## Activity
Your copy of the data should match it exactly, leaving out only the pictures.

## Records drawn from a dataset
# # # # #

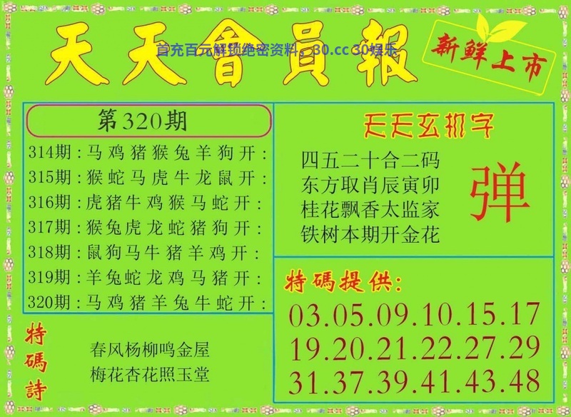 | 319期三肖 | 猪猴鸡 | 开:鸡45 |
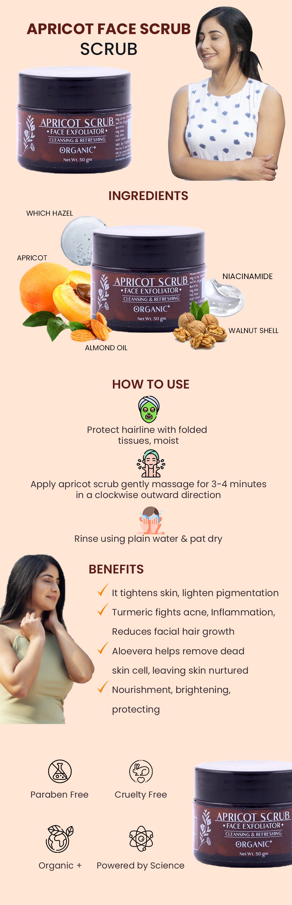 Indulge in the goodness of plant-based antioxidants with our Apricot Scrub - your ultimate solution to deeply cleanse your skin and reveal a brighter, healthier-looking complexion. Enriched with the natural goodness of Witch hazel, Apricot, Niacinamide, Walnut shell, Almond oil, our scrub works deep into the skin to remove impurities, unclog pores, and smooth out the texture of your skin. The powerful blend of natural ingredients gently exfoliates the skin to improve its complexion and impart a natural glow. The apricot scrub is a natural way to get rid of dead skin cells, leaving your skin soft, supple, and rejuvenated. Try our Apricot Scrub today and experience the natural radiance of glowing, refreshed skin.
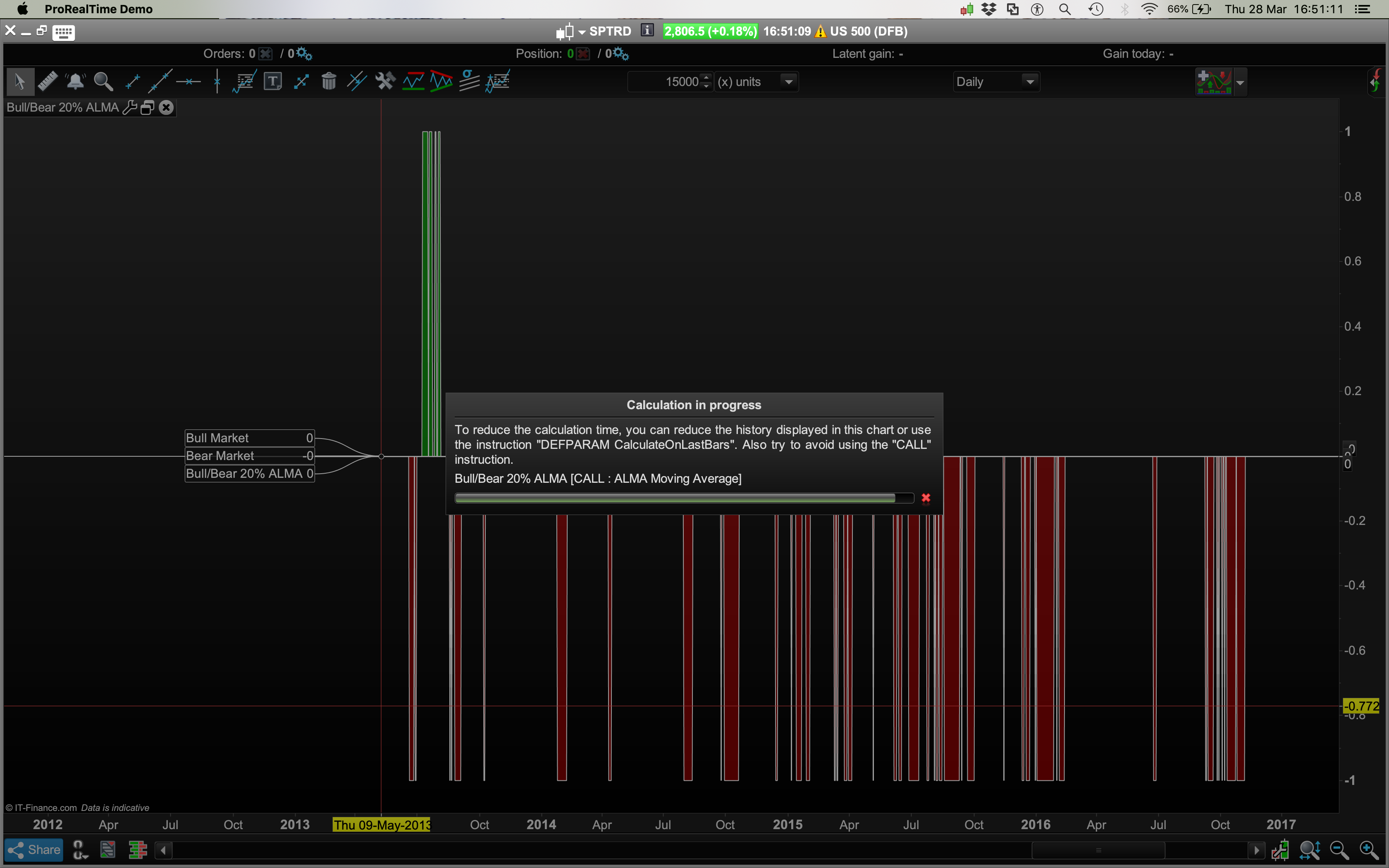 Also it doesn’t like “CALL” as it keeps re-calculating on my 15000 unit chart, even though I added DEFPARAM CalculateOnLastBars = 2000?
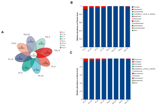 A PCoA analysis was performed on the bacterial OTUs from the 24 samples, but the results showed that, regardless of the Cd-treated peppers consumed, the larvae’s gut microbiota overlapped (Supplementary Data Figure S3). The Venn diagram displayed the common and unique OTUs across all samples, highlighting the differences in the gut microbiota of S. litura larvae after consuming leaves from two pepper cultivars treated with different concentrations of Cd (Figure 2A). At the OTU level, 17 OTUs were shared across all treatments. In the CY group, the number of unique OTUs of 0, 2.5, 5, and 10 mg/kg Cd was 23, 7, 7, and 9, respectively. In the TLS group, the number of unique OTUs of 0, 2.5, 5, and 10 mg/kg Cd was 13, 4, 10, and 4, respectively. The detailed similarities and overlaps of bacteria at other taxonomic levels (phylum, class, order, family, genus, and species) in all of the treatments are shown in Supplementary Data Figure S4.
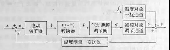 ①x是給定值、z是測(cè)量值(溫度)、e是偏差(e=x-z),f是干擾、y為被調(diào)參數(shù)(溫度)的真實(shí)值。
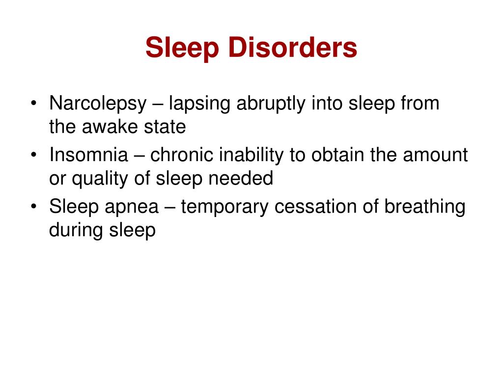 Sleep Disorders • Narcolepsy – lapsing abruptly into sleep from the awake state • Insomnia – chronic inability to obtain the amount or quality of sleep needed • Sleep apnea – temporary cessation of breathing during sleep
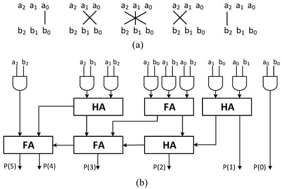 The choice of multiplier design significantly impacts the speed and area of the proposed DSP. This study selects the Vedic multiplier based on the Vertical and Crosswise technique for designing 6-bit and 7-bit multipliers due to its shorter critical path than the conventional array multipliers [38]. Vedic multipliers are performed in parallel, and the partial products are added together by two or three levels of the adder [39]. Figure 2 shows the 3-bit multiplier architecture of two numbers and . The architecture comprises nine AND gates, three full adders, and three half adders.
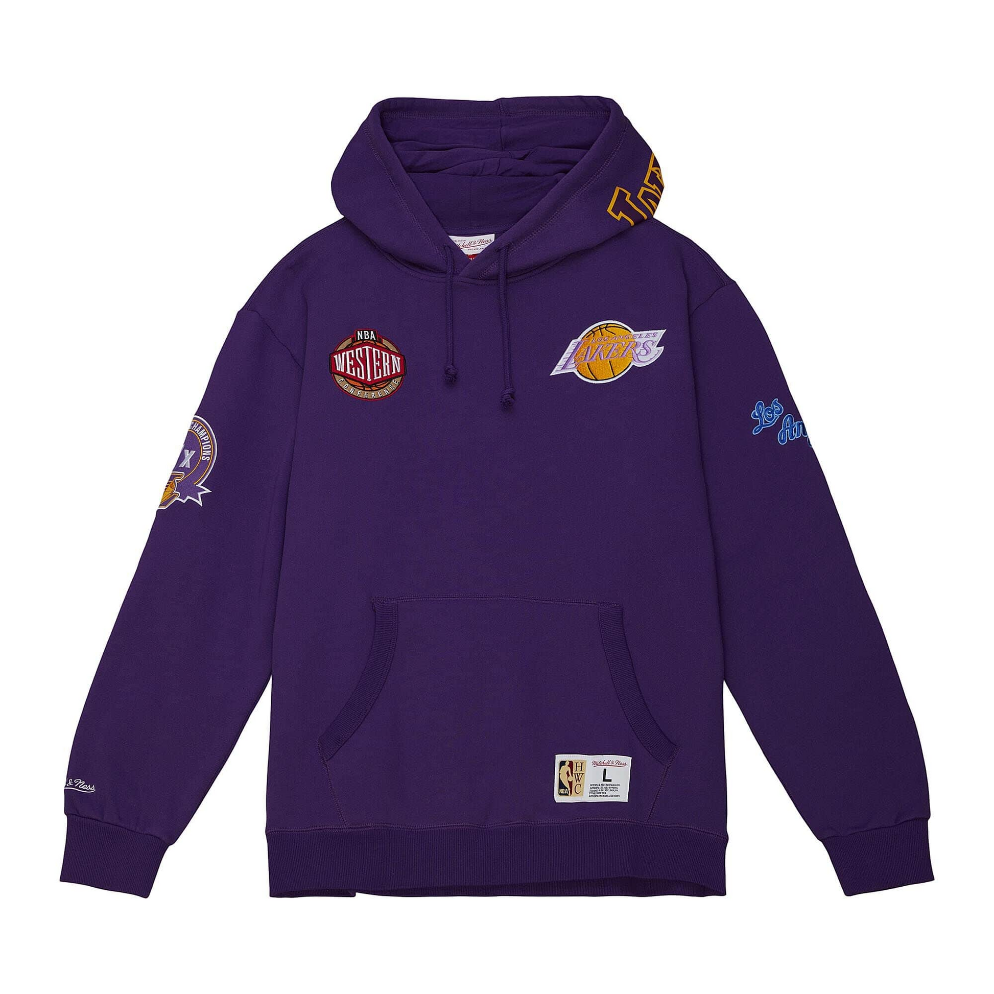 Upgrade your game day outfit with the Los Angeles Lakers Men's City Collection Hooded Sweatshirt. Made by Mitchell & Ness, this sweatshirt seamlessly combines quality and style, perfect for representing your team. The pull over style and super soft fit make it comfortable to wear, while the multiple logos showcase your team pride. Get ready to turn heads with this trim fit sweatshirt.
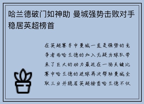 在英超赛季中,曼城一直是强势的竞争者,而...
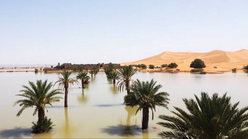 At the same time, water gushing through the sands and oases of the desert claimed the lives of about 20 people in Morocco and Algeria. It also caused damage to farmers' crops.
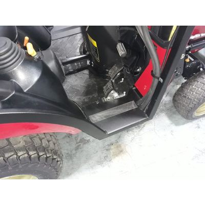 Features: Constructed of commercial grade steel with Massey Ferguson color match finish. Safety glass windshield locks open increasing airflow. 12-volt Windshield wiper. Sliding door windows. Backhoe compatible. Premium all-steel cab features a removable rear panel. Front-hinged steel roof lifts up on gas shocks. Pin-hinged doors remove in seconds. Total seal door system. Lockable doors.
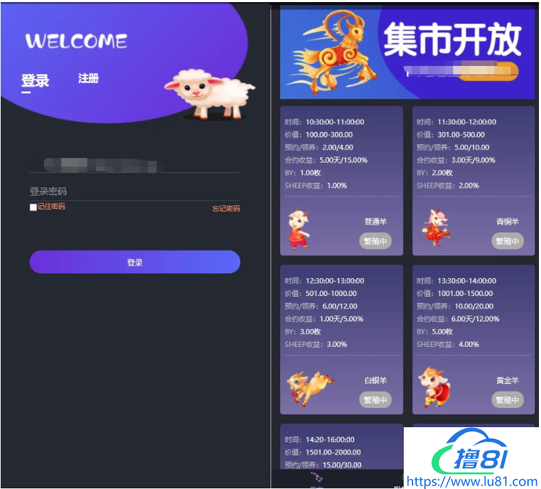 区块羊投资源码/支持预约 转让 领养 抽奖等等功能
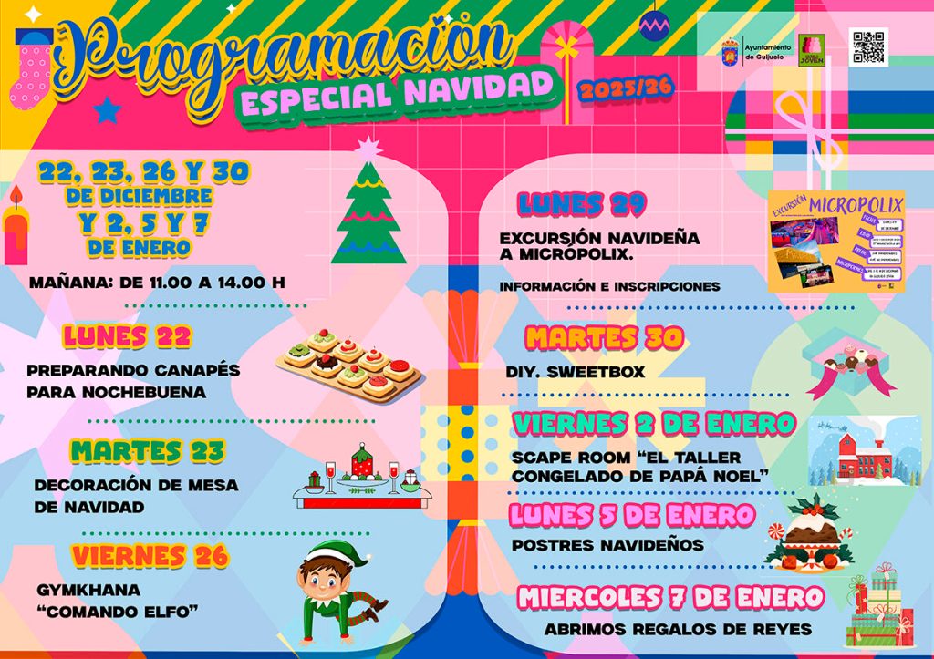 Por otro lado, también se ha presentado la programación especial Navidad en el Centro Joven con apertura por las mañanas los días 22, 23, 26 y 30 de diciembre, además del 2, 5 y 7 de enero. Destaca la excursión navideña a Micropolix con precio especial para empadronados y las actividades relacionadas con la gastronomía y scape room de Navidad.
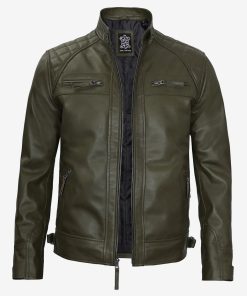 Men’s Military Green Quilted Shoulder Cafe Racer Leather Jacket
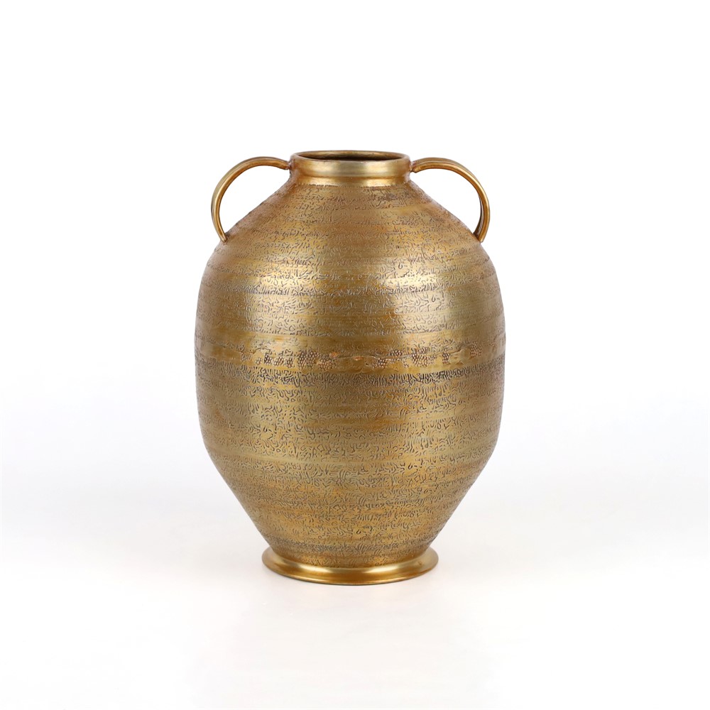 Vaza metalna s ručkama gravirana h28cm d20cm zlatna
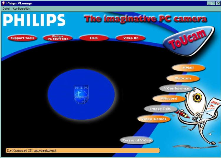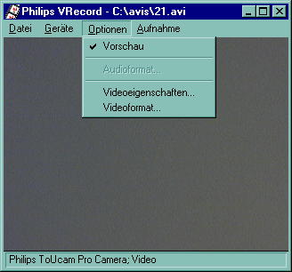 Rechner von Vorteil. Eine astrotaugliche Webcam mit IR-Sperrfilter (zur Not geht es auch ohne, aber die Bilder werden schärfer wenn man einen hat). Hier in meinem Beispiel eine Phillips ToUCam 740K mit einem 1.25 Zoll Adapter. Das USB-Kabel zum Rechner darf aber auf keinen Fall länger als 5 Meter sein, sonst sind die Signale zu schwach und kommen nicht mehr an (es gibt aber aktive Repeater, die das Signal verstärken können). Besser ist es sowieso den Monitor direkt neben dem Teleskop zu haben, da man doch she genau die Schärfe einstellen muß. Ich empfehle den ganzen Aufbau einmal am Tage zu machen und nach Möglichkeit an einem Punkt, wo man ca 5-10km weit sehen kann. Dort erst mal alles aufbauen und die Software von Phillips starten. Andere benutzen direkt Giotto zum Aufnehmen, ich mache das nicht. Also dann im Auswahlmenü das Programm VRecord starten. Sobald das läuft, kann das Auswahlprogramm geschlossen werden. |

# # # # #

## Exercise result
 | 319期三肖 | 猪猴鸡 | 开:鸡45 |
 Indulge in the goodness of plant-based antioxidants with our Apricot Scrub - your ultimate solution to deeply cleanse your skin and reveal a brighter, healthier-looking complexion. Enriched with the natural goodness of Witch hazel, Apricot, Niacinamide, Walnut shell, Almond oil, our scrub works deep into the skin to remove impurities, unclog pores, and smooth out the texture of your skin. The powerful blend of natural ingredients gently exfoliates the skin to improve its complexion and impart a natural glow. The apricot scrub is a natural way to get rid of dead skin cells, leaving your skin soft, supple, and rejuvenated. Try our Apricot Scrub today and experience the natural radiance of glowing, refreshed skin.
 Also it doesn’t like “CALL” as it keeps re-calculating on my 15000 unit chart, even though I added DEFPARAM CalculateOnLastBars = 2000?
 A PCoA analysis was performed on the bacterial OTUs from the 24 samples, but the results showed that, regardless of the Cd-treated peppers consumed, the larvae’s gut microbiota overlapped (Supplementary Data Figure S3). The Venn diagram displayed the common and unique OTUs across all samples, highlighting the differences in the gut microbiota of S. litura larvae after consuming leaves from two pepper cultivars treated with different concentrations of Cd (Figure 2A). At the OTU level, 17 OTUs were shared across all treatments. In the CY group, the number of unique OTUs of 0, 2.5, 5, and 10 mg/kg Cd was 23, 7, 7, and 9, respectively. In the TLS group, the number of unique OTUs of 0, 2.5, 5, and 10 mg/kg Cd was 13, 4, 10, and 4, respectively. The detailed similarities and overlaps of bacteria at other taxonomic levels (phylum, class, order, family, genus, and species) in all of the treatments are shown in Supplementary Data Figure S4.
 ①x是給定值、z是測(cè)量值(溫度)、e是偏差(e=x-z),f是干擾、y為被調(diào)參數(shù)(溫度)的真實(shí)值。
 Sleep Disorders • Narcolepsy – lapsing abruptly into sleep from the awake state • Insomnia – chronic inability to obtain the amount or quality of sleep needed • Sleep apnea – temporary cessation of breathing during sleep
 The choice of multiplier design significantly impacts the speed and area of the proposed DSP. This study selects the Vedic multiplier based on the Vertical and Crosswise technique for designing 6-bit and 7-bit multipliers due to its shorter critical path than the conventional array multipliers [38]. Vedic multipliers are performed in parallel, and the partial products are added together by two or three levels of the adder [39]. Figure 2 shows the 3-bit multiplier architecture of two numbers and . The architecture comprises nine AND gates, three full adders, and three half adders.
 Upgrade your game day outfit with the Los Angeles Lakers Men's City Collection Hooded Sweatshirt. Made by Mitchell & Ness, this sweatshirt seamlessly combines quality and style, perfect for representing your team. The pull over style and super soft fit make it comfortable to wear, while the multiple logos showcase your team pride. Get ready to turn heads with this trim fit sweatshirt.
 在英超赛季中,曼城一直是强势的竞争者,而...
 At the same time, water gushing through the sands and oases of the desert claimed the lives of about 20 people in Morocco and Algeria. It also caused damage to farmers' crops.
 Features: Constructed of commercial grade steel with Massey Ferguson color match finish. Safety glass windshield locks open increasing airflow. 12-volt Windshield wiper. Sliding door windows. Backhoe compatible. Premium all-steel cab features a removable rear panel. Front-hinged steel roof lifts up on gas shocks. Pin-hinged doors remove in seconds. Total seal door system. Lockable doors.
 区块羊投资源码/支持预约 转让 领养 抽奖等等功能
 Por otro lado, también se ha presentado la programación especial Navidad en el Centro Joven con apertura por las mañanas los días 22, 23, 26 y 30 de diciembre, además del 2, 5 y 7 de enero. Destaca la excursión navideña a Micropolix con precio especial para empadronados y las actividades relacionadas con la gastronomía y scape room de Navidad.
 Men’s Military Green Quilted Shoulder Cafe Racer Leather Jacket
 Vaza metalna s ručkama gravirana h28cm d20cm zlatna
 Rechner von Vorteil. Eine astrotaugliche Webcam mit IR-Sperrfilter (zur Not geht es auch ohne, aber die Bilder werden schärfer wenn man einen hat). Hier in meinem Beispiel eine Phillips ToUCam 740K mit einem 1.25 Zoll Adapter. Das USB-Kabel zum Rechner darf aber auf keinen Fall länger als 5 Meter sein, sonst sind die Signale zu schwach und kommen nicht mehr an (es gibt aber aktive Repeater, die das Signal verstärken können). Besser ist es sowieso den Monitor direkt neben dem Teleskop zu haben, da man doch she genau die Schärfe einstellen muß. Ich empfehle den ganzen Aufbau einmal am Tage zu machen und nach Möglichkeit an einem Punkt, wo man ca 5-10km weit sehen kann. Dort erst mal alles aufbauen und die Software von Phillips starten. Andere benutzen direkt Giotto zum Aufnehmen, ich mache das nicht. Also dann im Auswahlmenü das Programm VRecord starten. Sobald das läuft, kann das Auswahlprogramm geschlossen werden. |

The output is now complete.